▸ Task description:
Please copy each line of the listing below precisely, excluding the images.
[Opening Data to use section]
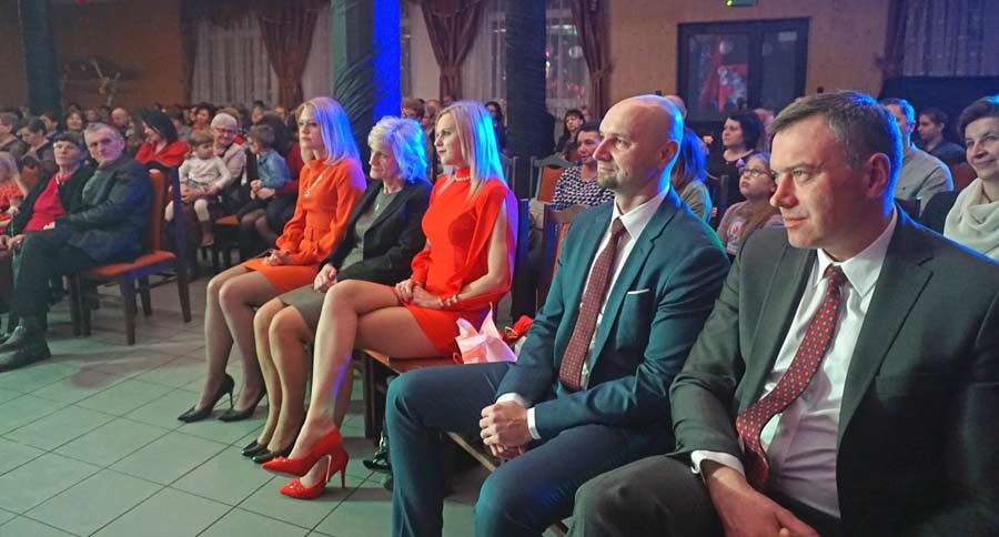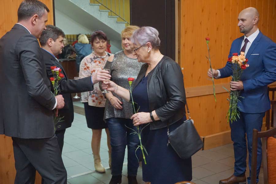 Wszystkie przybyłe na spotkanie panie zostały powitane przez wójta kwiatami i lampką szampana. Uroczystość rozpoczął prowadzący Bogdan Smolik, zapraszając na scenę wójta gminy Urszulin, który złożył mieszkankom gminy życzenia z okazji ich święta. Do życzeń dołączył się także zaproszony na tę okazję starosta włodawski Andrzej Romańczuk.
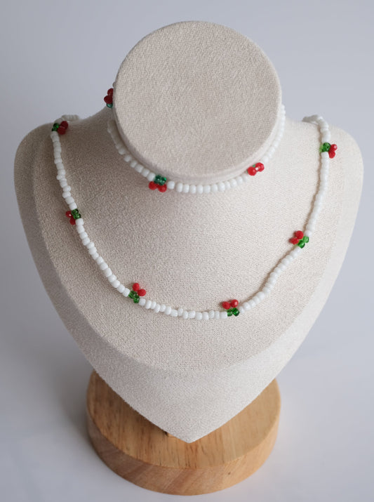 White Cherry Beaded Necklace and Bracelet Set
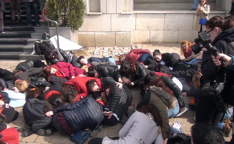 4 din 4 | Cele mai triste imagini de 8 Martie - S-au depus flori pentru ELE, dar din pacate nu le vor primi niciodata - Protest cu flori in fata Ministerului Justitiei din Bucuresti
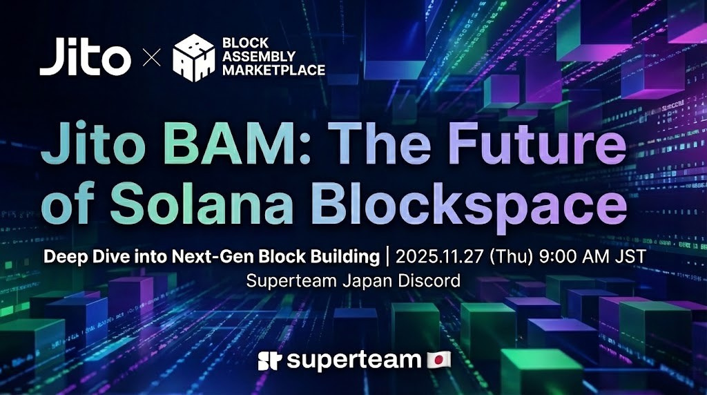On November 26th, Superteam Japan hosted a deep-dive study session into BAM block-building with the community. Featuring guest speaker Alejandro, BD at Jito Labs, and Atsushie, JET Asia Community Lead.
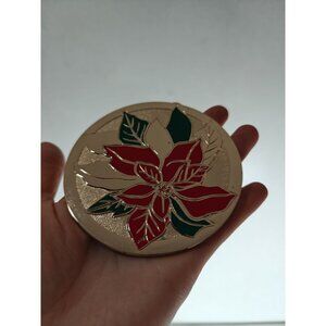 Set Of 4 Vintage Japan Brass Enamel Poinsettia Coasters 4" Velvet Back Christmas
[Closing Data to use section]
▸ Response box:
 Wszystkie przybyłe na spotkanie panie zostały powitane przez wójta kwiatami i lampką szampana. Uroczystość rozpoczął prowadzący Bogdan Smolik, zapraszając na scenę wójta gminy Urszulin, który złożył mieszkankom gminy życzenia z okazji ich święta. Do życzeń dołączył się także zaproszony na tę okazję starosta włodawski Andrzej Romańczuk.
 White Cherry Beaded Necklace and Bracelet Set
 4 din 4 | Cele mai triste imagini de 8 Martie - S-au depus flori pentru ELE, dar din pacate nu le vor primi niciodata - Protest cu flori in fata Ministerului Justitiei din Bucuresti
On November 26th, Superteam Japan hosted a deep-dive study session into BAM block-building with the community. Featuring guest speaker Alejandro, BD at Jito Labs, and Atsushie, JET Asia Community Lead.
 Set Of 4 Vintage Japan Brass Enamel Poinsettia Coasters 4" Velvet Back Christmas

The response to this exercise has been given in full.